As a result of a recent National Labor Relations Board (NLRB) decision, employers who operate a non-union workplace need to be aware that they may be required to allow non-union employees the right to have a co-worker or other representative present during disciplinary interviews or questioning. In Epilepsy Foundation of Northeast Ohio, the NLRB held that this so-called “Weingarten right,” which had previously been restricted to unionized settings, should be applied to unrepresented employees as well.
The NLRB is best known for establishing and protecting the right of employees to engage in union activity. The NLRB has traditionally had a more limited role when it comes to an unorganized, non-union workplace. There, its role had been primarily limited to regulating and monitoring organizational campaigns by non-union employees seeking to become unionized. Not any more.
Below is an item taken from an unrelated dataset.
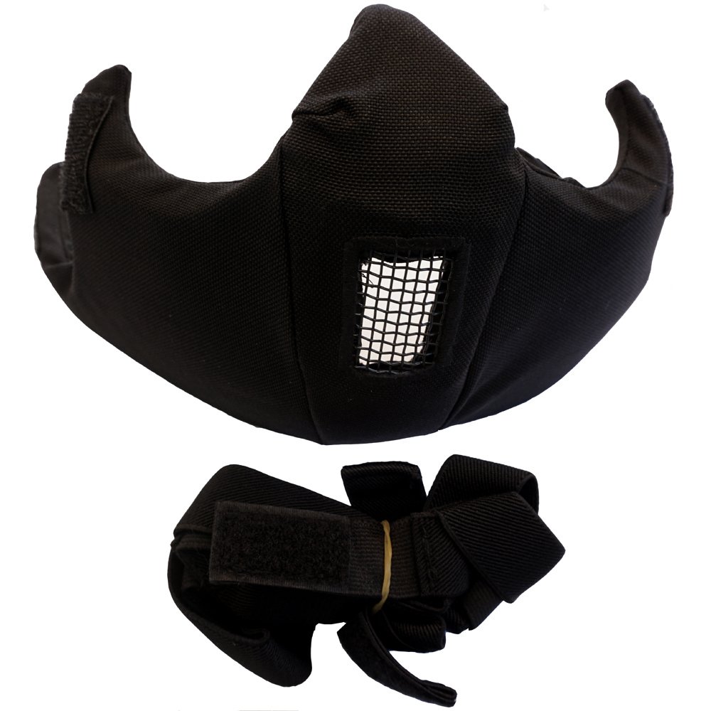 Wear this airsoft face mask with goggles and a helmet to protect yourself against your fiercest opponents. Vented mouth cage makes it easy to breath and padding around nose is flexible and comfortable. Includes an elastic headband, four fitting bands for helmet.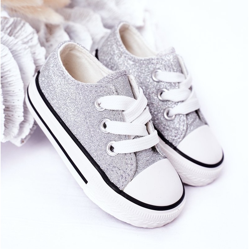 Sneaker bling-bling in argento per bambini e sneaker eleganti e confortevoli per le ragazze, coperte da un delicato e luccicante glitter. La tomaia morbida e materiale si adatta perfettamente al piede e la suola non slitta garantisce stabilità durante il gioco.

Now, even non-union employers must be aware that whenever their management or supervisory employees question a non-union employee in a matter which could result in some sort of disciplinary proceeding against that employee, the employee has the right to have a co-worker present during the questioning.
In the Epilepsy Foundation case, two employees drafted a memo critical of their supervisor. The employer’s Executive Director ordered one of the employees to meet with her and the supervisor about the matter. Fearing discipline, the employee refused to attend unless the other employee was also permitted to attend. The Executive Director refused the demand, the employee refused to meet, and he was consequently fired for insubordination. The terminated employee complained to the NLRB, which, after investigation, held that the employee had the right to have his co-worker attend any meeting in which he “reasonably believed might result in disciplinary action.” The NLRB held that the employer’s conduct constituted an unfair labor practice under Section 7 of the National Labor Relations Act and it ordered that the employee be reinstated with back pay and interest.
The NLRB decision is grounded in the concept of “concerted activity.” The National Labor Relations Act expressly provides that employees are entitled to engage in “concerted activities for the purpose of collective bargaining or other mutual aid or protection.” Until this decision, this Section 7 language had traditionally been deemed to apply to the non-union sector in organization campaigns and the unionized sector in efforts of “mutual aid and protection.” Typically, if a union employee requests the assistance of a co-worker or union representative during questioning which might result in discipline, the employer is obligated to allow that assistance. Now, a non-union employer has the same obligation.
One important aspect of an employee’s right to mutual aid or protection is that the employee must expressly invoke the right. The employer has no obligation to advise the employee of the right to have someone present during disciplinary questioning and the right does not attach if the investigatory meeting is not likely to result in discipline to the employee.
Beyond these readily identifiable aspects, the ruling creates enormous uncertainty for employers unfamiliar with practices typical of union settings. For example, can employees being interviewed in connection with sexual harassment investigations request representation by a co-worker? The decision raises numerous questions for union-free employers and provides a new tool for both union and non-union employees.
Since a large percentage of the U.S. workforce is non-union, this decision has a significant impact on a broad range of employers. Generally, any non-retail employer with an annual gross revenue flow (in or out) of $50,000 or more and any retail establishment with an annual gross revenue flow of $500,000 or more is covered by the National Labor Relations Act.